### Required action
The answer must be every record below, repeated exactly.

- - - - - - -

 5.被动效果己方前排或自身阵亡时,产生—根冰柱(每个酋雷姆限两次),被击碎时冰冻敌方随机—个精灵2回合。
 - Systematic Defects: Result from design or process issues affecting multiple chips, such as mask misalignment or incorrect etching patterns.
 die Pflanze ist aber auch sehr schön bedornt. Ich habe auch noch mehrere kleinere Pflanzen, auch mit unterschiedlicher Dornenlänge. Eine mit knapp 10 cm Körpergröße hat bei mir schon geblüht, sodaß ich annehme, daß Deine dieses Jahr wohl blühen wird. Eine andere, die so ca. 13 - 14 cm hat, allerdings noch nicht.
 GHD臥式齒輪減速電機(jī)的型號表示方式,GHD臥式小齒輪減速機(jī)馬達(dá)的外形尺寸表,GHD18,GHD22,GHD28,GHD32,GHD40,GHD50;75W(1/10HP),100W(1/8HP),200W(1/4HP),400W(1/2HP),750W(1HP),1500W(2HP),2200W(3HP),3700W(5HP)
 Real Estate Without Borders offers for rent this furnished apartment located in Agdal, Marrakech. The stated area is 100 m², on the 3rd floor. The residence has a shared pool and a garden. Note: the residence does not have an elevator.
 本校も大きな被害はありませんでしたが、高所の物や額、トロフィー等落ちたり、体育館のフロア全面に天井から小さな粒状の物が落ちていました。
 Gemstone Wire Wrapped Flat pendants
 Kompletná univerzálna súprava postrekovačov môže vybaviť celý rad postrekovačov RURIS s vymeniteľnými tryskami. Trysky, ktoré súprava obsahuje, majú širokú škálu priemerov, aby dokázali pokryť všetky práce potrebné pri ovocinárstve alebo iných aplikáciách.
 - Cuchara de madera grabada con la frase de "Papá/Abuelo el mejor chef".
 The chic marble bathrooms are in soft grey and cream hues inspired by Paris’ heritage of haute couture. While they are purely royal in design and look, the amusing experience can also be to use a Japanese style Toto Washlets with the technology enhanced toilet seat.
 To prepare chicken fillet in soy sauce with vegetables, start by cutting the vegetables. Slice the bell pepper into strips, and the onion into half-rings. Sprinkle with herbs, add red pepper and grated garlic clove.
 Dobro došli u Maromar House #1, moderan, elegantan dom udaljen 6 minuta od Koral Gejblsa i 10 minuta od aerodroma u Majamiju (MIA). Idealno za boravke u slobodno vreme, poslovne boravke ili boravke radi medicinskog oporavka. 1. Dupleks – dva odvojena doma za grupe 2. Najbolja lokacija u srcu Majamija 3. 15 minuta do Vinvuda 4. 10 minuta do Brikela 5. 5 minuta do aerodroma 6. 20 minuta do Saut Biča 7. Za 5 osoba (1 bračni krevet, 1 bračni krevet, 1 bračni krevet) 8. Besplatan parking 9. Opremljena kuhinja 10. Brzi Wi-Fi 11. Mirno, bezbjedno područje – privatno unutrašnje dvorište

- - - - - - -

### Final answer
 5.被动效果己方前排或自身阵亡时,产生—根冰柱(每个酋雷姆限两次),被击碎时冰冻敌方随机—个精灵2回合。
 - Systematic Defects: Result from design or process issues affecting multiple chips, such as mask misalignment or incorrect etching patterns.
 die Pflanze ist aber auch sehr schön bedornt. Ich habe auch noch mehrere kleinere Pflanzen, auch mit unterschiedlicher Dornenlänge. Eine mit knapp 10 cm Körpergröße hat bei mir schon geblüht, sodaß ich annehme, daß Deine dieses Jahr wohl blühen wird. Eine andere, die so ca. 13 - 14 cm hat, allerdings noch nicht.
 GHD臥式齒輪減速電機(jī)的型號表示方式,GHD臥式小齒輪減速機(jī)馬達(dá)的外形尺寸表,GHD18,GHD22,GHD28,GHD32,GHD40,GHD50;75W(1/10HP),100W(1/8HP),200W(1/4HP),400W(1/2HP),750W(1HP),1500W(2HP),2200W(3HP),3700W(5HP)
 Real Estate Without Borders offers for rent this furnished apartment located in Agdal, Marrakech. The stated area is 100 m², on the 3rd floor. The residence has a shared pool and a garden. Note: the residence does not have an elevator.
 本校も大きな被害はありませんでしたが、高所の物や額、トロフィー等落ちたり、体育館のフロア全面に天井から小さな粒状の物が落ちていました。
 Gemstone Wire Wrapped Flat pendants
 Kompletná univerzálna súprava postrekovačov môže vybaviť celý rad postrekovačov RURIS s vymeniteľnými tryskami. Trysky, ktoré súprava obsahuje, majú širokú škálu priemerov, aby dokázali pokryť všetky práce potrebné pri ovocinárstve alebo iných aplikáciách.
 - Cuchara de madera grabada con la frase de "Papá/Abuelo el mejor chef".
 The chic marble bathrooms are in soft grey and cream hues inspired by Paris’ heritage of haute couture. While they are purely royal in design and look, the amusing experience can also be to use a Japanese style Toto Washlets with the technology enhanced toilet seat.
 To prepare chicken fillet in soy sauce with vegetables, start by cutting the vegetables. Slice the bell pepper into strips, and the onion into half-rings. Sprinkle with herbs, add red pepper and grated garlic clove.
 Dobro došli u Maromar House #1, moderan, elegantan dom udaljen 6 minuta od Koral Gejblsa i 10 minuta od aerodroma u Majamiju (MIA). Idealno za boravke u slobodno vreme, poslovne boravke ili boravke radi medicinskog oporavka. 1. Dupleks – dva odvojena doma za grupe 2. Najbolja lokacija u srcu Majamija 3. 15 minuta do Vinvuda 4. 10 minuta do Brikela 5. 5 minuta do aerodroma 6. 20 minuta do Saut Biča 7. Za 5 osoba (1 bračni krevet, 1 bračni krevet, 1 bračni krevet) 8. Besplatan parking 9. Opremljena kuhinja 10. Brzi Wi-Fi 11. Mirno, bezbjedno područje – privatno unutrašnje dvorište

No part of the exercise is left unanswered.